Pasan cosas. Demasiadas. Pero pareciera que nada nuevo está a punto de ocurrir. Hay días en que me da por pensar que estamos viviendo de prestado; si no, no me explico por qué estamos tan postrados. Quizás por eso el pasado miércoles me fui a la Filmoteca de Navarra para ver un documental de esos llamados militantes. De pronto, un par de tipos llegados de Gaza me revelaron que la vida es plácidamente insoportable. Una mujer palestina histerizada por el dolor de la muerte de su hija parapléjica por un dron israelí, unos pescadores enloquecidos tras el bostezo asesino de un misil que mató a cuatro hijos mientras jugaban con las olas del mar de Gaza, un crío palestino de apenas dos años asesinado por soldados judíos que iban de cacería, otro niño reventado por un M16 mientras juega y de cuya inocencia solo quedan veintiún gramos, el peso del alma al morir. Ese niño lloraba y lloraba hasta cavar con cada lágrima su propia sepultura. Y así hasta completar sesenta minutos de tensión doliente como el llanto de un demonio. Sesenta minutos para comprobar como un gobierno, el israelí, ha convertido el crimen en su mayor valor.
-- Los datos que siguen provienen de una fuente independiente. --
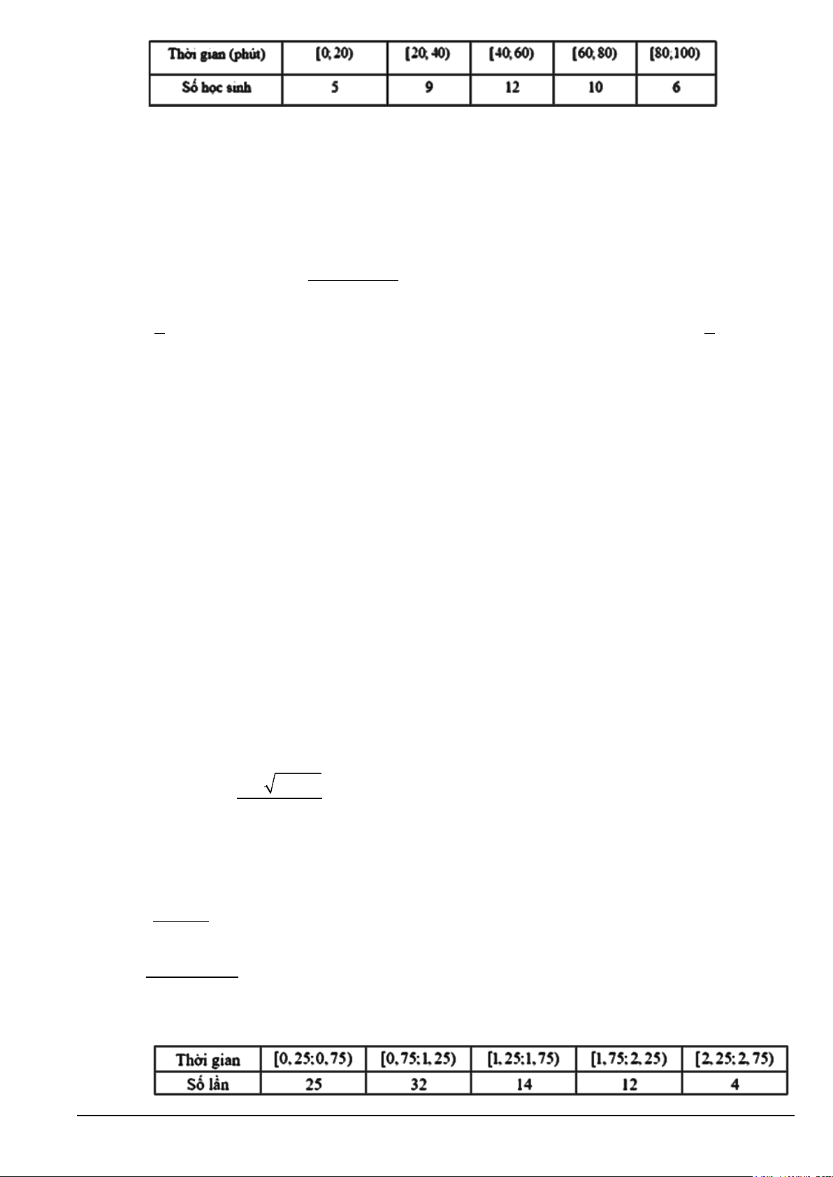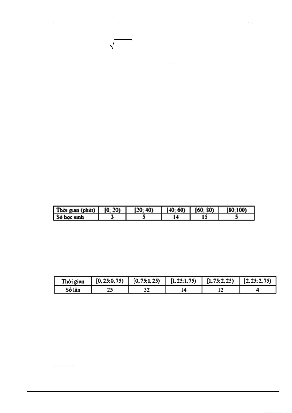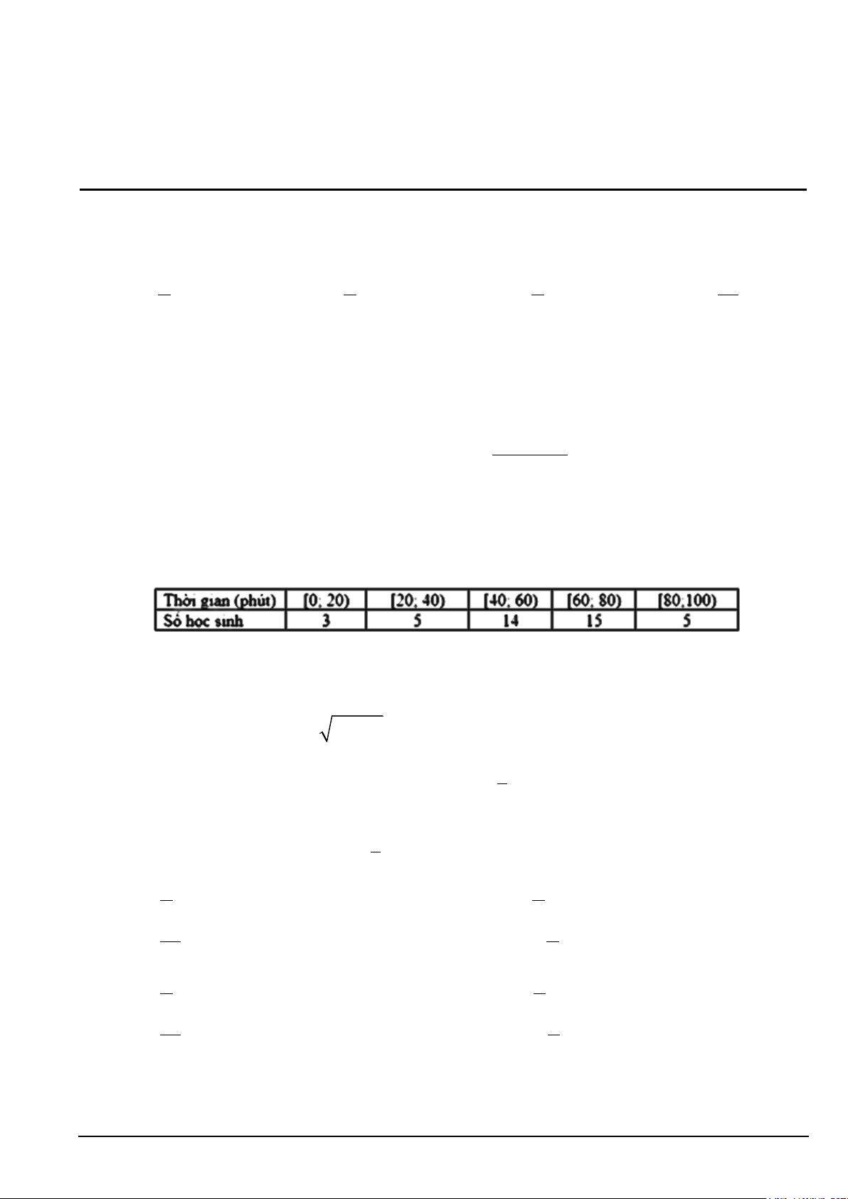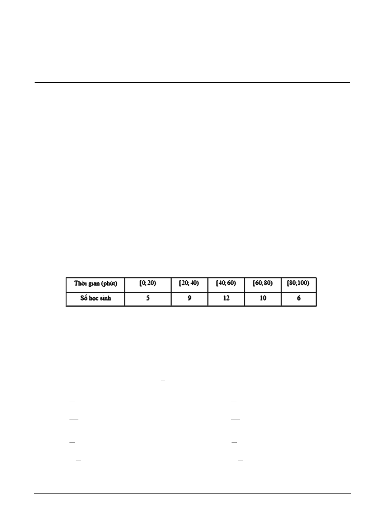 Câu 4. Khảo sát thời gian sử dụng điện thoại di động trong 1 ngày của một số học sinh khối 10 thu được

El documental Gas the Arabs, de Julio Fernández Campo y Carles Bover, narra la última agresión israelí de 2014 y la posguerra silenciada en Gaza y Cisjordania. Un conflicto que no es entre dos bandos, sino entre un ejército y dos millones de personas encerradas en una ratonera de 360 kilómetros cuadrados a merced de soldados, francotiradores y colonos narcotizados por un odio histórico.

Al acabar la proyección se hizo un silencio espeso e inquietante. Aquellos cadáveres nos dejaron pegados a nuestra comodidad. Y quisimos salir corriendo en busca de aire para enjuagar aquel puñado de lágrimas. Y es que este documental tenso e inmenso muestra la muerte, que allí no pasa de moda, el dolor y el bombardeo de niños, mujeres y hombres ante la más absoluta indiferencia internacional. No sé si escribir esto sirve de algo. Pero si una columna periodística puede ser tu salvavidas diario, me apunto.